For most humans in this world, it is reasonable to say that arrogance is a decreasing function of age. But not for Balasaheb Thackeray, the abominable demagogue of my city. If one were able to somehow measure arrogance and multiply it with age for all the people in this world, I'm sure he'll be the top third world contender. A couple of days ago he celebrated his 82nd birthday and there was the usual arraying of the city with his posters and an overdose of saffron. I read a TOI article where the Sena chief made the following comment on Modi's arrival in Bombay:

Maharashtra will not accept anybody. States have been divided on linguistic basis. Modi has got Gujarat. Mayawati got Uttar Pradesh. Leave Maharashtra to us. In Maharashtra, only the Shiv Sena pattern will work.
Plaguing a city dying to maintain its pluralism with the politics of alienation will no doubt leave more than bad tastes in mouths. It is true that Modi is no angel and it is only fitting that we have an in-house goonda who, with whatever life is left in him, will try his best to keep a behemoth away. But coming back to the title of this post, it is interesting how the polemics and propaganda of people like Thackeray and Modi can move a people from liberalism to extreme bigotry. And this shift has nothing to do with class, caste or creed. Fear that does not have a logical reason behind itself always hits below the belt and one immediately turns to the demon for refuge and counsel, who in turn fuels and nourishes one's bondage to an ideology favorable to himself. And in a state such as Maharashtra which is a hot bed when it comes to issues like farmer suicides, rural unemployment, undernourishment; where more than 70% of the state's commerce are channeled through a chip of a land on its west coast, with immigrants from other parts of India holding a much bigger share of the economic opportunities over the natives; a state where linguistic intolerance has penetrated itself deep into the psyche of the common man manifesting itself as a fear of the invader. And it is but natural that when an old hyena like Thackeray comes up with statements like "All residential buildings constructed henceforth must have 50% reservations for the marathi manoos", the marathi manoos naturally feels reassured of his identity thanks to the loud mouthed crusader who can afford to parade in a lions coat. And as Orwell portrays, if the plebeians act like sheep, then it is in the politician's advantage to act pigheaded.

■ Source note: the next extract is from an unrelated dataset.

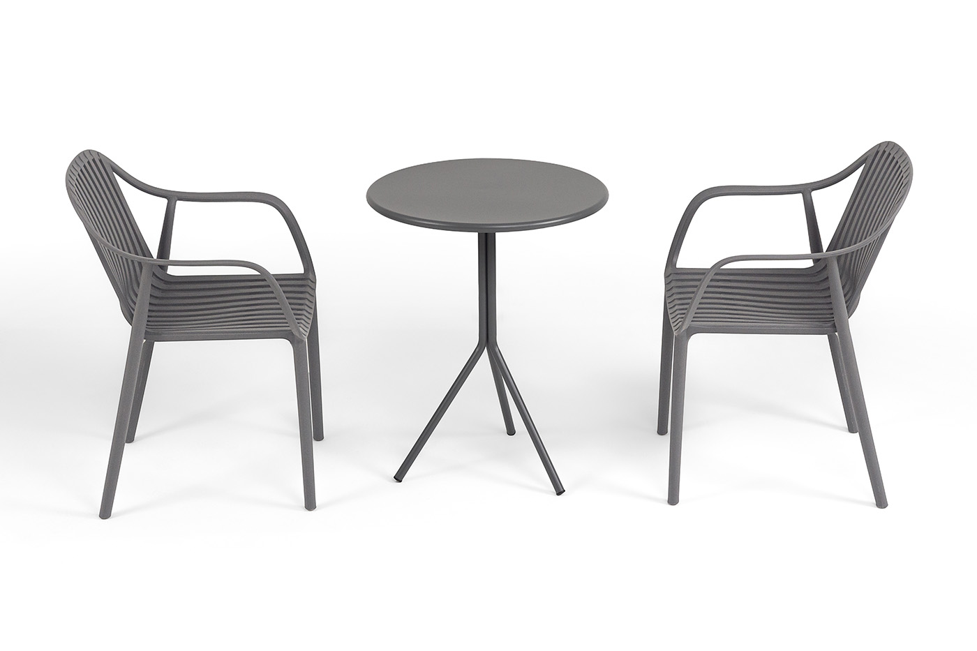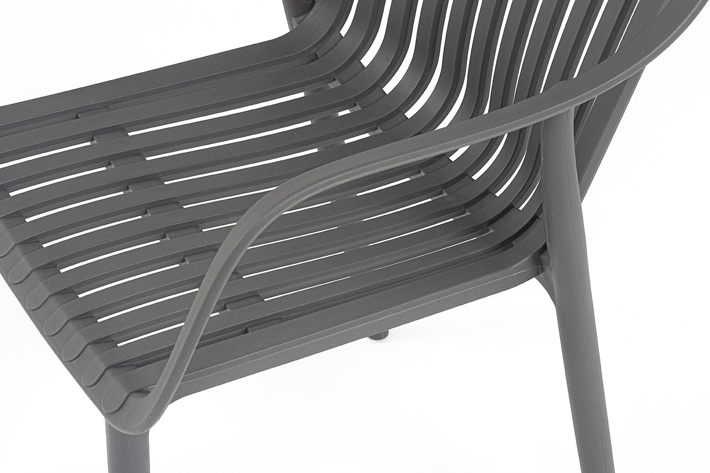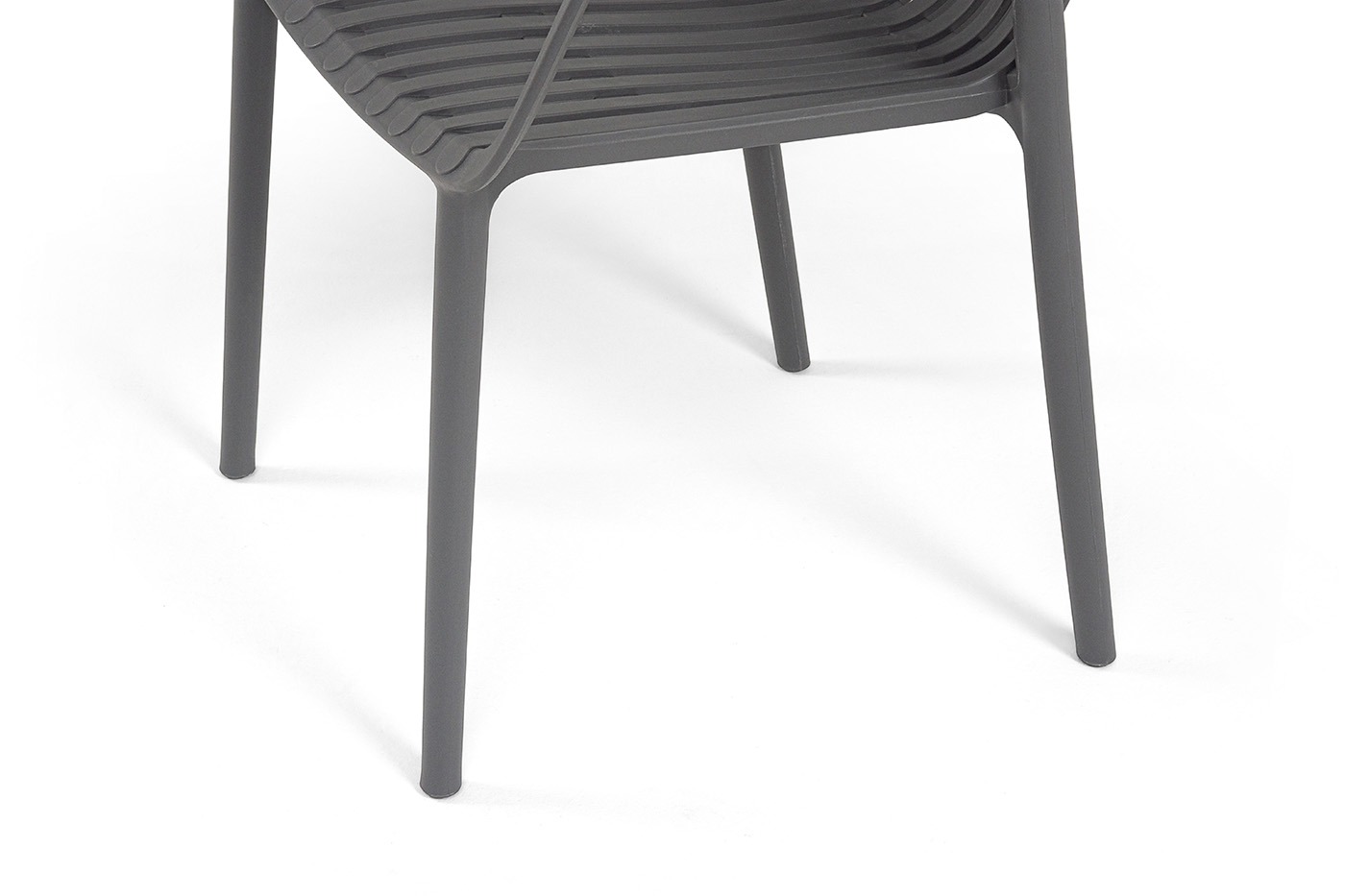 Стулья изготовлены из полипропилена, прочного и стойкого пластика, устойчивого к УФ-излучению, благодаря этому стул сохраняет свой первоначальный вид и не выцветает на солнце даже несмотря на активную эксплуатацию. Цвет - темно-серый.

On a different note, when I read an article in these days, I invariably end up judging the quality of prose and structure, noticing grammar errors and also the general layout of the newspaper. A paper like TOI goes out of its way to boost and nourish the ego of an insignificant editor like myself. Now that it is possible to move blocks of prose here and there you commonly find articles that defy the form of an essay in every possible way; absence of a clear flow of thought, tortuous constructions and pedestrian language are common. For instance, the article that I mentioned in this post was titled 'Only Sena pattern will work in state, says Thackeray' and its last paragraph was the following:

Thackeray predicted that Pakistan president Pervez Musharraf would be assassinated. On the occasion of his birthday, Thackeray released a book on the Sena by senior party leader Manohar Joshi.

Tuesday, 22 January 2008

Losing it

It does not take too long for one to get attached to Bombay. The city is a wealthy proprietor of crime, commerce, cinema, cosmopolitanism, culture, chaos and all these cumulatively give it the vibrant-mutating-inscrutable character that it possesses. It is my belief that many people (and I am one of them) stick to Bombay not because of the above things but despite many other things. I recently read an article by Jerry Pinto which seemed to aptly furnish my thoughts into words:

Bombay has none of the imperium of Delhi, the self-conscious stasis of Calcutta or the provincial self-satisfaction of Madras. It is the ugly stepdaughter city but Prince Charming must cut his heels off to win her hand. It is a city in which no one dies of starvation but the vast majority are forced to endure living conditions that no enlightened zookeeper would allow for his animals. Yet the exiles and arrivistes keep flooding into the City imagined, to the Bombay they see as siren and savior. They never leave.
Much is said about Bombay's impregnable character with great pomposity whenever a catastrophe like the 1993 blasts or the 26/7 deluge crosses our fate. No doubt, some of these stories deserve to be told; what but unrestrained hope can come out of a peoples' voice which does not have the luxury of a lasting memory! True, like all of theirs, my legs have been anchored to the city how much ever I wish I could leave it. The city that I knew of is degrading slowly and everyday I feel at the end of the candle.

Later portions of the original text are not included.